*** Material provided ***
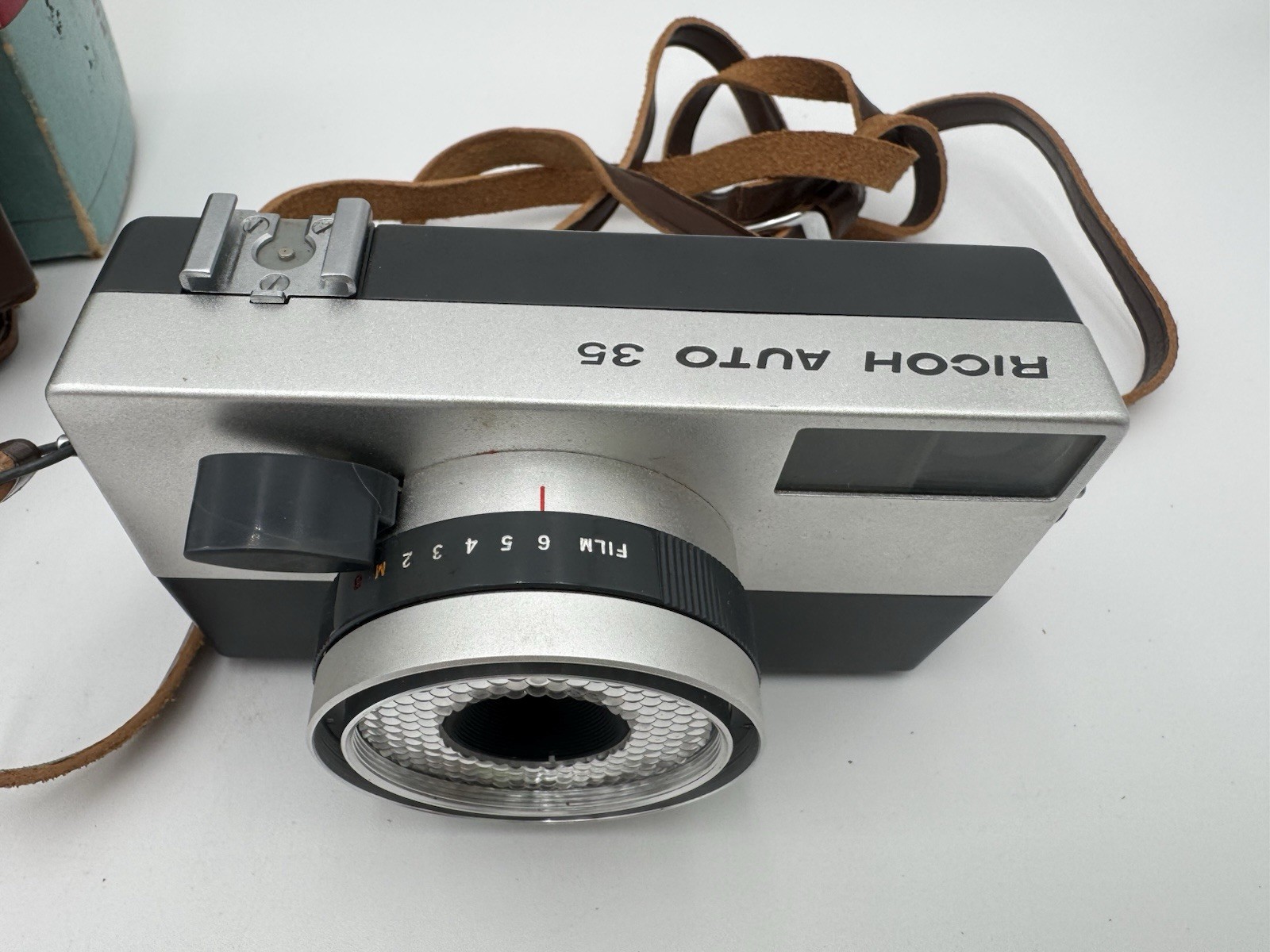 как выглядит Ricoh Auto 35 camera, leather case, Japan, Riken Ricoh F 4cm Lens Original Box фото
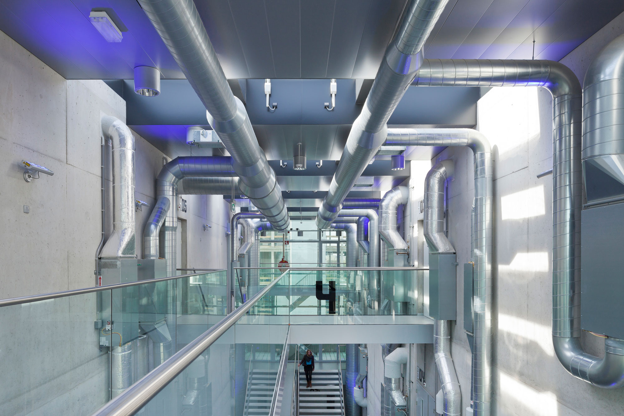 Via een goudkleurige entreehal komen de bezoekers binnen in een lichte, hoge en langwerpige vide, gelegen in het verlengde van de binnenplaats. Alle publieksfuncties zijn vanaf deze vide bereikbaar, zoals het café met een nieuwe zes meter brede glazen schuifpui aan de grachtzijde. De bewust in het zicht gehouden stalen pijpen van de luchtinstallaties geven de vide, samen met de lichtgrijze betonwanden, een sterk industrieel karakter refererend aan de oorspronkelijke fabrieksfunctie van het complex. In de volledig in glas uitgevoerde dakopbouw zijn dansstudio’s geplaatst, waardoor het gebouw met name ’s avonds een levendige uitstraling krijgt. Met de realisatie van CREA is belangrijke stap gezet in de transformatie van het Roeterseiland tot een levendige stadscampus.
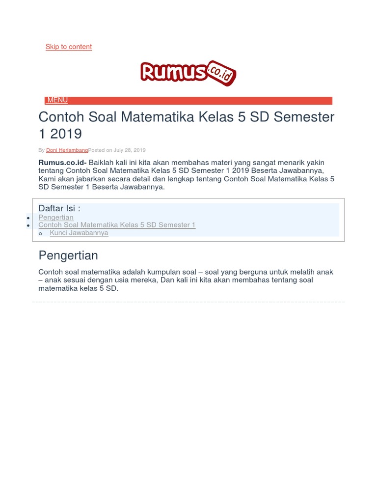 Materi Pelajaran Matematika Kelas 6 Sd Mi Semester 1 2
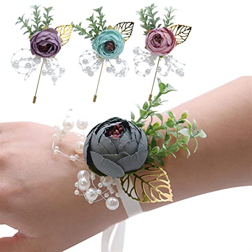DDSP Braccialetto da damigella d'onore Braccialetto di seta artificiale Rosa di seta con tessuto di perle flower flower wedding boutonniere accessorio (Color: B-Corsage)
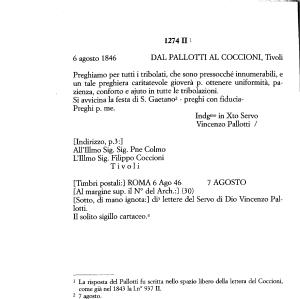 1 La risposta del Pallotti fu scritta nello spazio libero della lettera del Coccioni , come già nel 1843 la l . n ° 937 IL
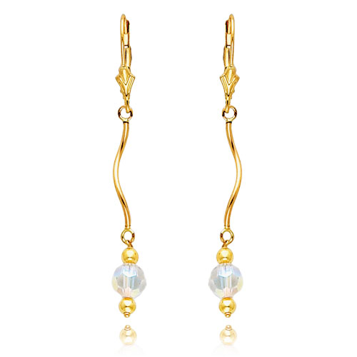14K Gold Aurore Boreale Crystal Bead Leverback Earrings
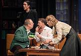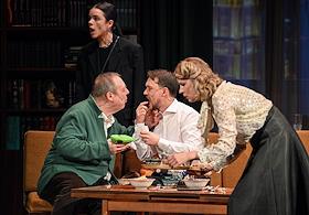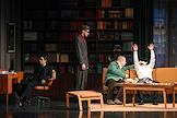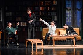 Премьера спектакля "Имя" французских драматургов Александра де ла Пательера и Матьё Делапорта в постановке режиссеров Сергея Кальварского и Натальи Капустиной в Театре эстрады. Слева направо: актеры Софья Аржаных, Андрей Максимов, Александр Семчев и Александра Ребенок во время спектакля.
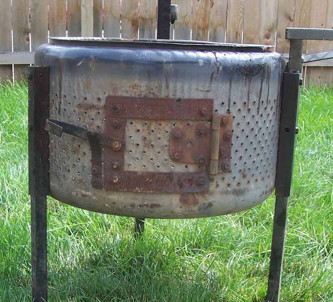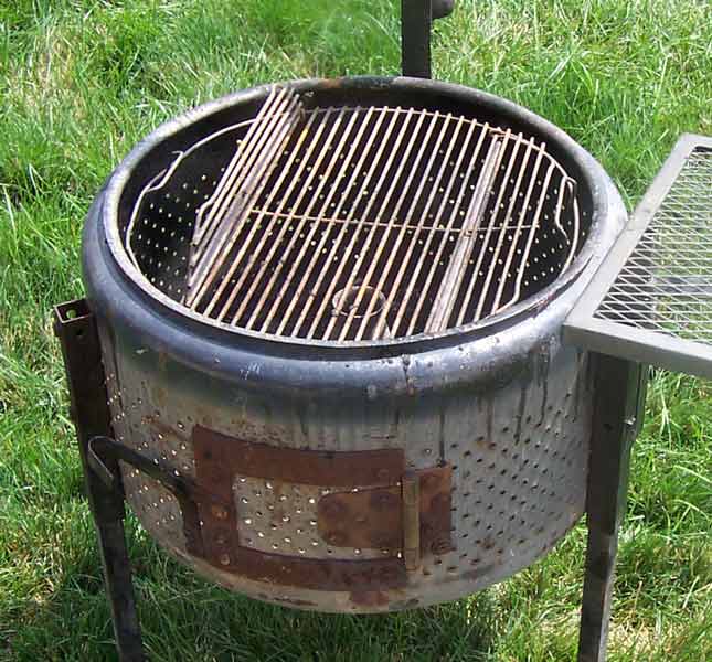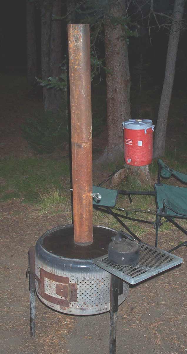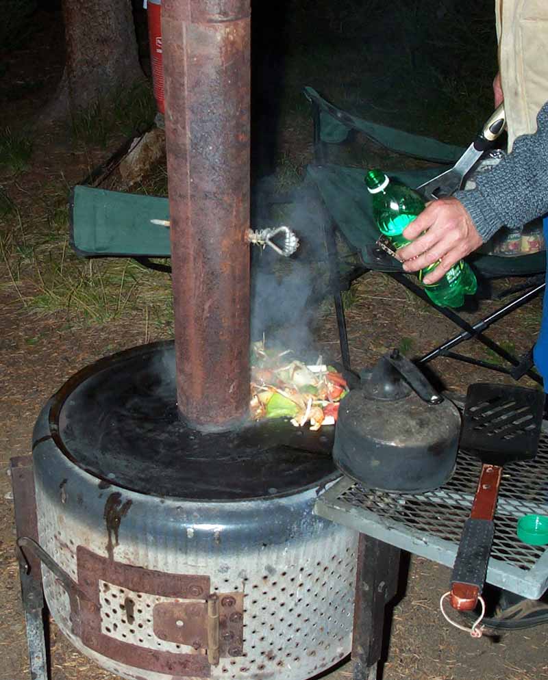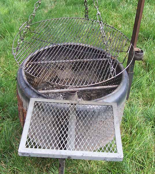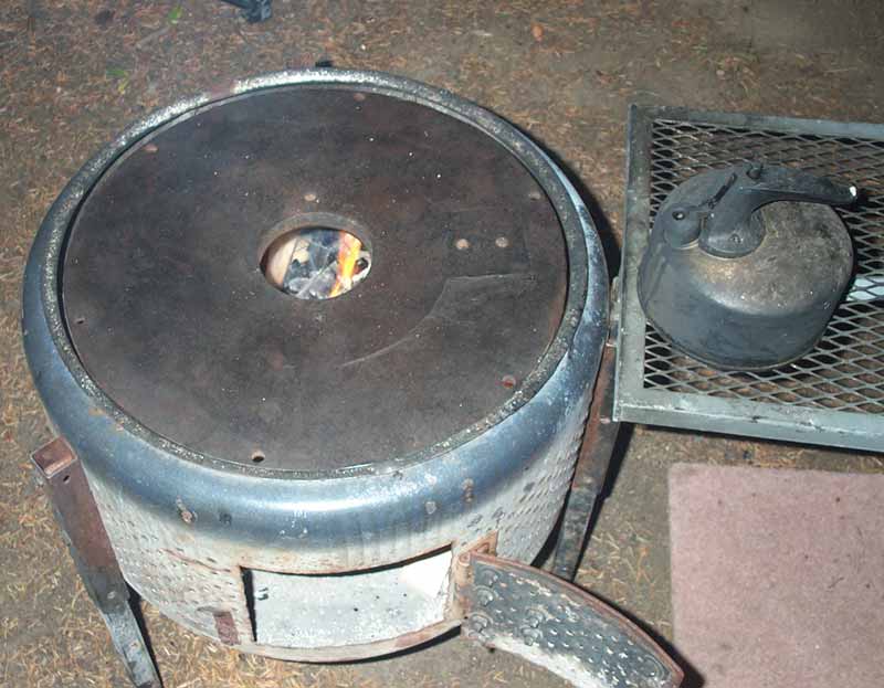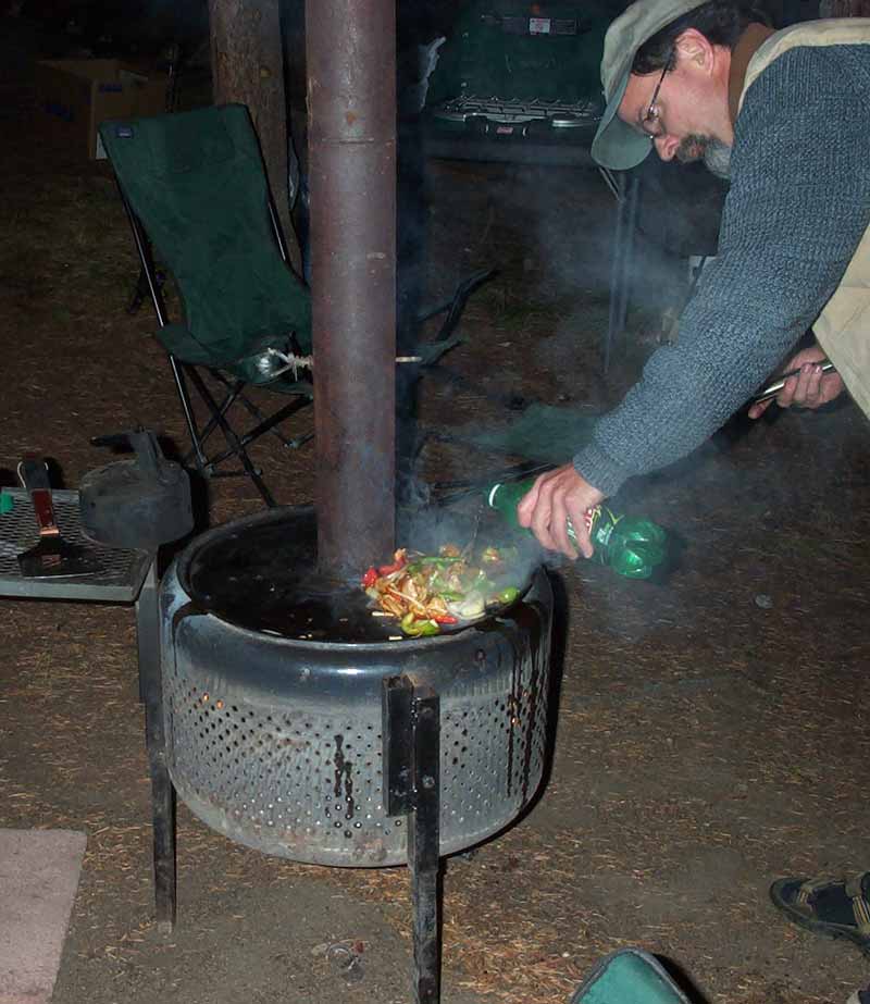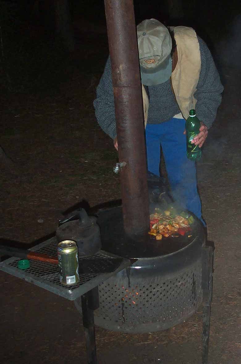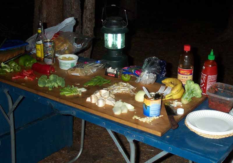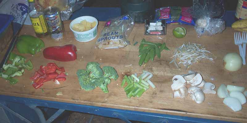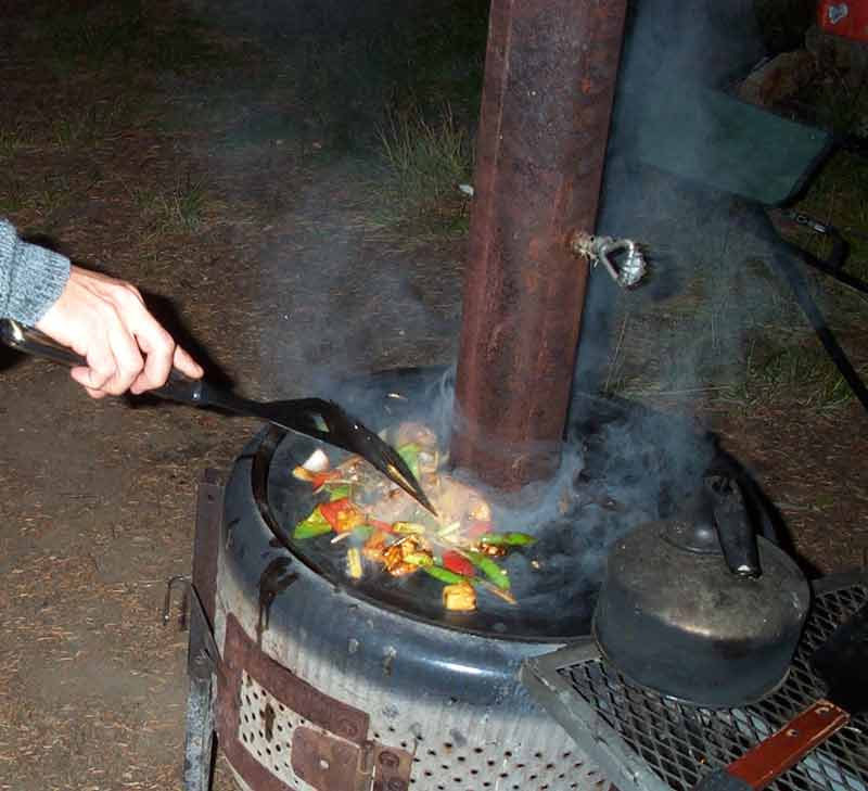 A cast iron plate from a piece of heavy equipment was a perfect fit to make a Mongolian BBQ grill surface. After the surface was ground flat on a flywheel grinder, a four foot chimney with a damper was added. With a good fire the surface temperature on the grill reaches over 500 degrees. Needless to say, food cooks very rapidly! I have found that by moving the food around the chimney, a serving can be cooked in only a few minutes. Adding water each time the food is turned really adds to the flavor and keeps the food from drying out. On average I use about 20 oz of water per serving. Our camping cutting board is about four ft long x 18 inches wide. Works great as each person gets to pick out the ingredients they want for their dish.
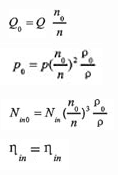 風機性能一般均指在標準狀況下的風機性能,無論技術文件或訂貨要求的性能,均按標準狀況為準。如果風機所用的環境并非標準狀況下,則須根據下述關系式將性能參數換算成為標準狀況下的性能參數,然后在性能表中進行選擇。
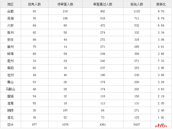 截止到1日18時(shí),安徽地區(qū)16個(gè)地市通過審核的人數(shù)如下,其中合肥市通過審核人數(shù)最多;為902人,淮北市通過審核人數(shù)最少,為73人。合肥市的競爭最激烈,為9.70:1。
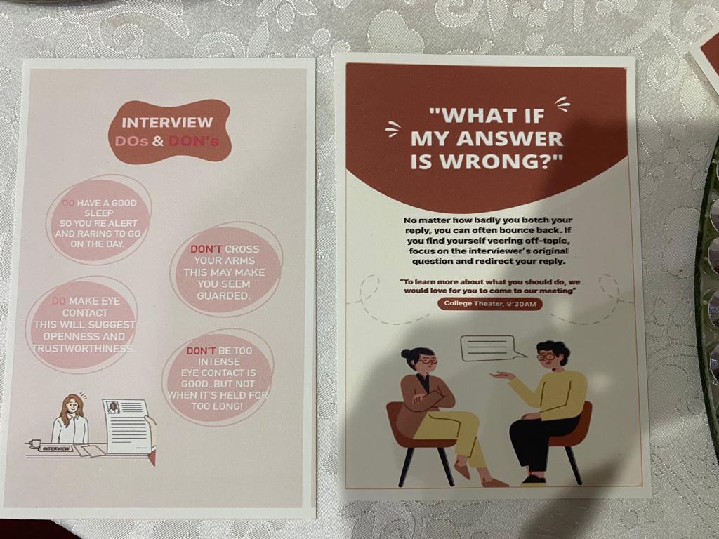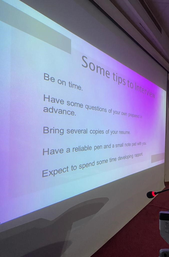 حيث تحدثن الطالبات باللغة الإنجليزية عن عدة محاور ومنها: نصائح للمقابلة للحصول على وظيفة، والخطوات التي يجب القيام بها قبل وأثناء المقابلة، كما تم طرح سؤال "ما نقاط القوة ونقاط الضعف لديك؟ "وبعض النصائح للتعامل مع هذا النوع من الأسئلة، وذلك في ظل حضور عدد من الطالبات والمنسوبات.
*** End of Material provided ***
When you reach the line containing "1 La risposta" in the entries above, begin restating word for word, and stop once the line containing "14K Gold Aurore" has been given. Omit the pictures.

 1 La risposta del Pallotti fu scritta nello spazio libero della lettera del Coccioni , come già nel 1843 la l . n ° 937 IL
14K Gold Aurore Boreale Crystal Bead Leverback Earrings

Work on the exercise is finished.